I recently received a copy of a poem that was written about my 4th-great-grandfather and his family as they prepared to leave Ireland for America in the early 1830s. It was written by a friend of the family, a teacher named McKinney. Shanvalley is mentioned twice as the family's home, and I was able to narrow it down to Shanvalley/Magherashanvalley in Castlefin, Donaghmore, Donegal, with the help of marriage records, all from neighboring parishes slightly before or after (since one of the children left Ireland 8 years after the others) the rough date of the poem.

Shanvalley once the pride of all these parts,
And flourish’d long beneath the Race of Harts
As if in sorrow at their going away,
Now clouded seems, and falling to decay.
The fertile fields and meads so gay so green,
Where winter’s withered face could scarce be seen,
A different aspect here of late assumes
All of their verdant beauties clad in gloom.

Here oft the needy and the neighboring poor
Found sure relief and still an open door;
The stranger too benighted sought the road,
To Mr.
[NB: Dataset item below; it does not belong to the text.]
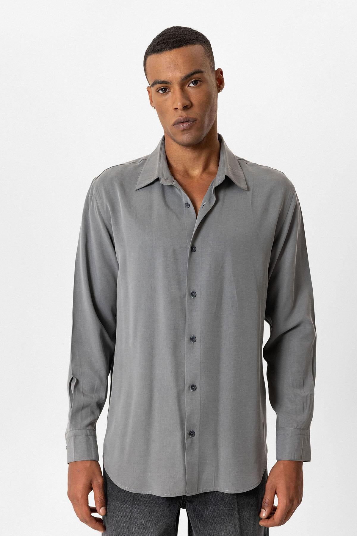 Gri Teknik Tencel Kumaş Erkek Gömlek
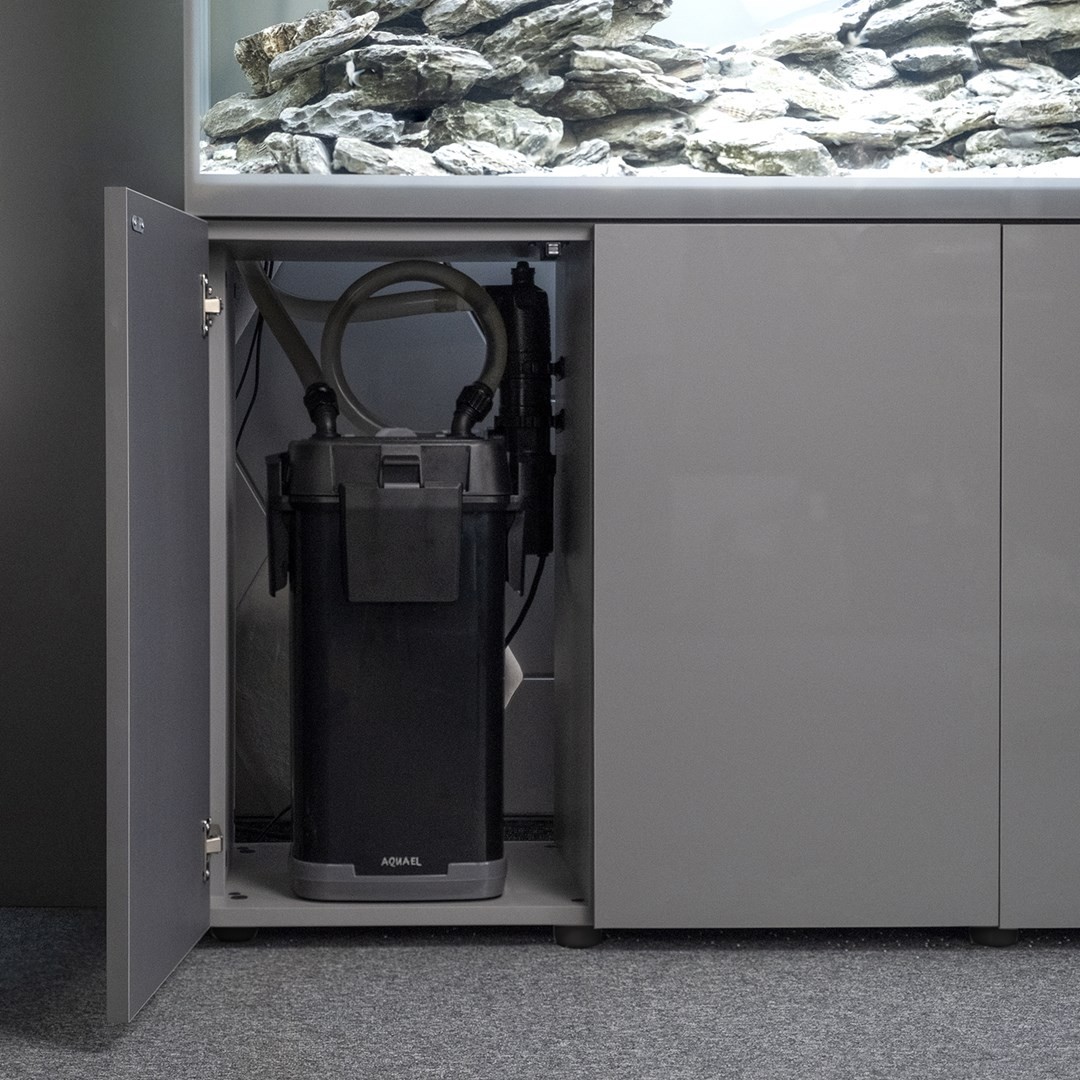 Vnitřek skříně poskytuje dostatek úložného prostoru pro příslušenství a vybavení potřebné k údržbě akvária. Díky dělitelné konstrukci lze navíc její vnitřní prostor snadno uspořádat.

Hart’s of Shanvalley’s abode.
But now no more the sprightly dance or songs,
In blameless mirth, goes round the cheerful throng.
No more at setting sun or rising moon,
We hear the Viol’s brisk enlivening tune.


The Mr. Hart in question is Samuel Hart (abt 1789-1857). The poem goes on, with all of the children getting about a stanza each. Samuel was married in St. Columb's Parish, Co. Derry, in 1807 to Charlotte Marrow. On the 1826 Tithe Applotment for Donaghmore, Samuel appears in Magherashanvalley, as does a James Hart (I'm assuming a brother), and a Thomas Hart is listed next, living in Corcullien (I'm assuming his father, since his eldest son is named Thomas, and his third son is named Samuel Jr, which follows the traditional naming patterns). A newspaper article from 1925 about a family reunion held by Samuel's grandchildren in Michigan mentions that the family traced its lineage back to Scotland, where it emigrated from in 1785 - with Samuel being born in 1789 or so, his father would've been born in Scotland, and though I've seen a dozen or so Thomas Harts on the records in Scotland prior to 1785, I haven't found any other documents to help narrow it down, or to link anyone else to Samuel, and I've found no birth/baptism records for Samuel or any of his children.


With all of that said, I'm interested in finding any information on Shanvalley, any of the three Harts listed on the Donaghmore Tithe Applotment, as well as any information about teachers in that area and time period named McKinney. The copy of the poem I received is a copy of a copy of a typed copy that Samuel's son, Moses, had made sometime from the original before his death in 1896, possibly before they left New York for Michigan in 1856. Of Samuel's nine children, I've talked to descendants of five of them, and we've each spent at least several years of researching to get back as far as we have.